> What you need to do
Skip the pictures, please, and write out exactly the lines from the opening of the data through the line containing "HYALURON-FILLER 5% Urea".

> Provided records
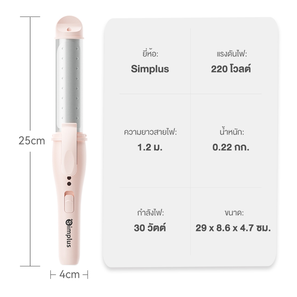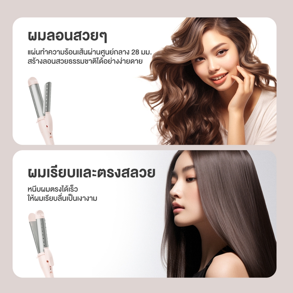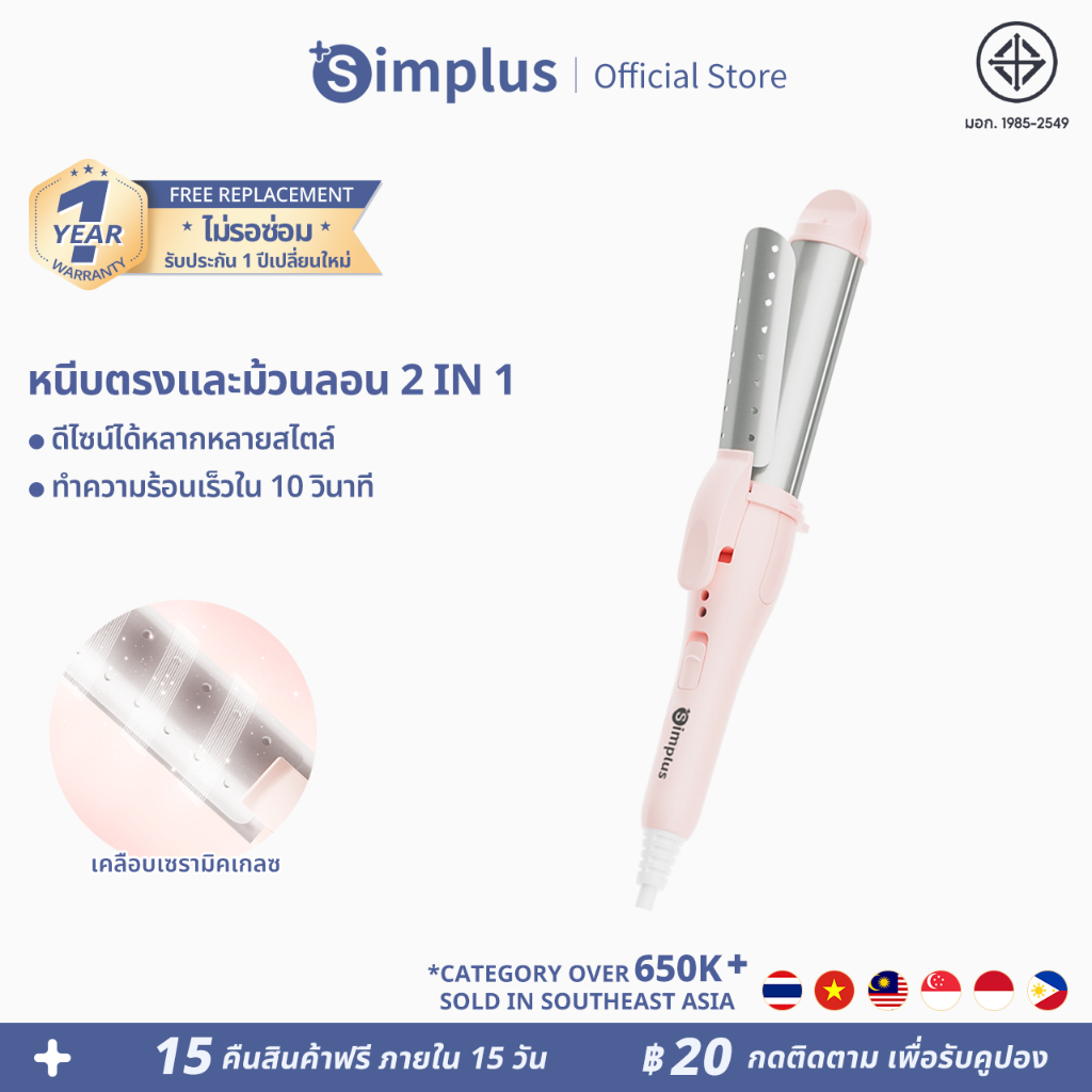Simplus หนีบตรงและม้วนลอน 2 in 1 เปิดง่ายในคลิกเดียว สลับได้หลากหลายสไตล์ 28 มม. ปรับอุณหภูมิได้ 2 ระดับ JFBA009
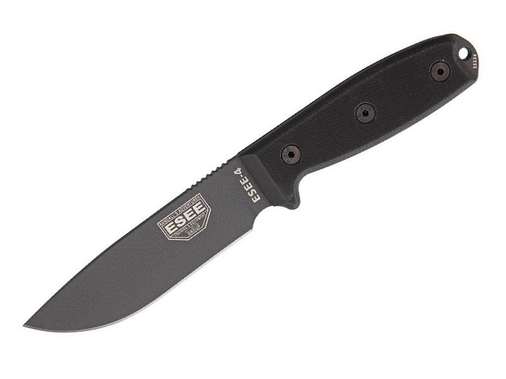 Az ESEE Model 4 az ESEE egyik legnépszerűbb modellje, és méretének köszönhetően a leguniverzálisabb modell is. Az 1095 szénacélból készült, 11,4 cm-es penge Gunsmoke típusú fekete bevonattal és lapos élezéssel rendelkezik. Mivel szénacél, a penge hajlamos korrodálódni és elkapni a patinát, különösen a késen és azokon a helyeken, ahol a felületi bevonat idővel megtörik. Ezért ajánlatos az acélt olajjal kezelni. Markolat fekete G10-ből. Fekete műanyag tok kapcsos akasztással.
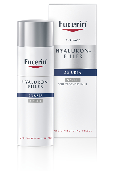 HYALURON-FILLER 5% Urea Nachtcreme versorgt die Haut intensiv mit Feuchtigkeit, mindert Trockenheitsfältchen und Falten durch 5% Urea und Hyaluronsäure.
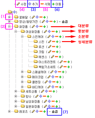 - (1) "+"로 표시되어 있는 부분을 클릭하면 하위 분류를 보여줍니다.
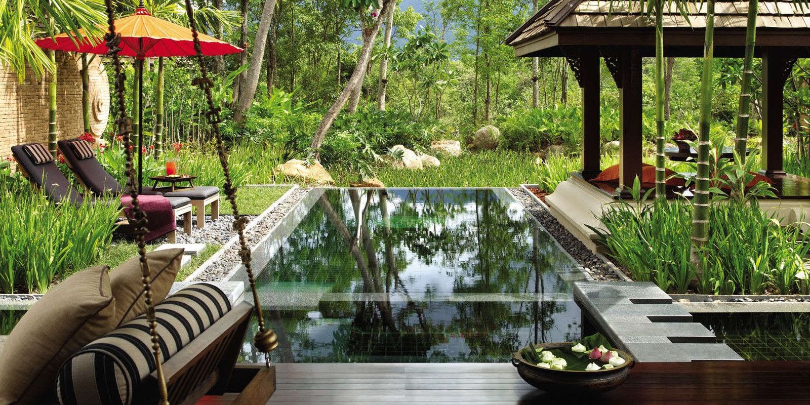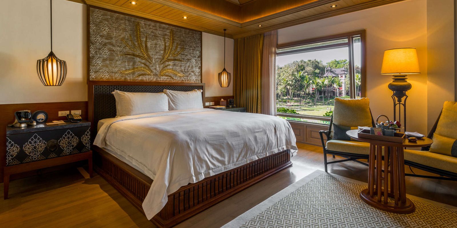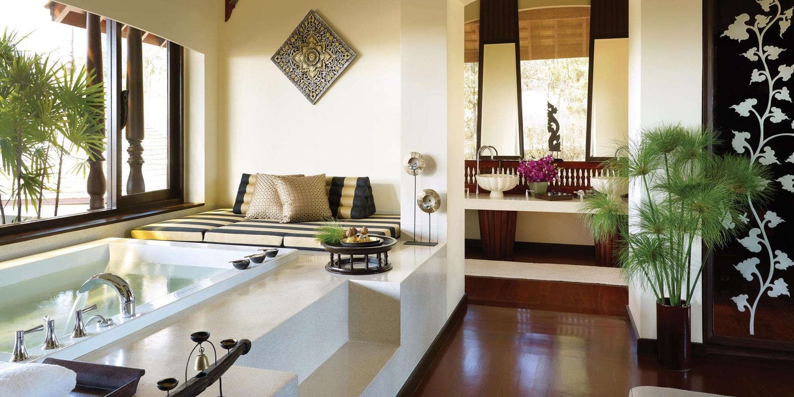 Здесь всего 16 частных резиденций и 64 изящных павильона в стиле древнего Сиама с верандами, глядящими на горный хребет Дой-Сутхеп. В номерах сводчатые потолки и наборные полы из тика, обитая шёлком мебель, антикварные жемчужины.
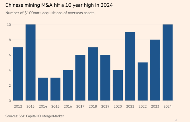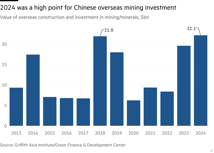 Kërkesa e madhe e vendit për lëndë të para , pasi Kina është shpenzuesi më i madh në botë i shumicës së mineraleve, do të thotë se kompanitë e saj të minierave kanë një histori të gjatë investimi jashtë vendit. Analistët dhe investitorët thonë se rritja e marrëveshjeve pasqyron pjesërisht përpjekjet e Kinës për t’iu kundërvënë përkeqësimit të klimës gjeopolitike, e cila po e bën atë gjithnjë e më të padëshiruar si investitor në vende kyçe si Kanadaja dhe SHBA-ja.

> Answer for the task
Simplus หนีบตรงและม้วนลอน 2 in 1 เปิดง่ายในคลิกเดียว สลับได้หลากหลายสไตล์ 28 มม. ปรับอุณหภูมิได้ 2 ระดับ JFBA009
 Az ESEE Model 4 az ESEE egyik legnépszerűbb modellje, és méretének köszönhetően a leguniverzálisabb modell is. Az 1095 szénacélból készült, 11,4 cm-es penge Gunsmoke típusú fekete bevonattal és lapos élezéssel rendelkezik. Mivel szénacél, a penge hajlamos korrodálódni és elkapni a patinát, különösen a késen és azokon a helyeken, ahol a felületi bevonat idővel megtörik. Ezért ajánlatos az acélt olajjal kezelni. Markolat fekete G10-ből. Fekete műanyag tok kapcsos akasztással.
 HYALURON-FILLER 5% Urea Nachtcreme versorgt die Haut intensiv mit Feuchtigkeit, mindert Trockenheitsfältchen und Falten durch 5% Urea und Hyaluronsäure.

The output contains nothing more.